SAMP8 female mice (n=26) (12 months old) were used to carry out cognitive and molecular analyses. We divided these animals randomly into three groups: SAMP8 Control (n=10) and SAMP8 treated with I2-IR ligands (MCR5, n=8 and MCR9, n=8). Animals had free access to food and water and were kept under standard temperature conditions (22±2°C) and a 12-h light/dark cycle (300 lux/0 lux). MCR5 and MCR9 (5 mg/Kg/day) were dissolved in 1.8% 2-hydroxypropyl-β-cyclodextrin and administered through drinking water for 4 weeks. Water consumption was controlled each week, and I2-IR ligand concentrations were adjusted accordingly to reach the optimal dose.

Studies and procedures involving mice brain dissection and subcellular fractionation were performed by the ARRIVE [38] and international guidelines for the care and use of laboratory animals (see above) and approved by the Ethics Committee for Animal Experimentation at the University of Barcelona.

Open Field (OFT), Elevated Plus Maze (EPM), and Novel Object Recognition Test (NORT)

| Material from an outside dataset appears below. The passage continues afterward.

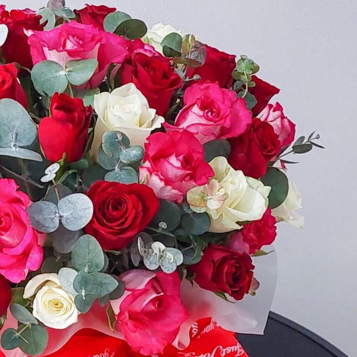 Лента атласная – 3 шт.Пленка матовая – 1 шт.Открыточка с вашими пожеланиями – 1 шт.Шляпная коробка большая – 1 шт.Оазис флористический – 2 шт.Эвкалипт Baby Blue – 9 шт.роза микс – 51 шт.транспортировочная упаковка – 1 шт.

The OFT apparatus was a white polywood box (50x50x25 cm). The floor was divided into two areas defined as center zone and peripheral zone (15 cm between the center zone and the wall). Behavior was scored with SMART® vers. 3.0 software, and each trial was recorded for later analysis using a camera situated above the apparatus. Twenty-six mice (n=8-10 per group) were placed at the center and allowed to explore the box for 5 min. Afterward, the mice were returned to their home cages and the OFT apparatus was cleaned with 70% EtOH. The parameters scored included center staying duration, rears, defecations, and the distance traveled, calculated as the sum of total distance traveled in 5 min.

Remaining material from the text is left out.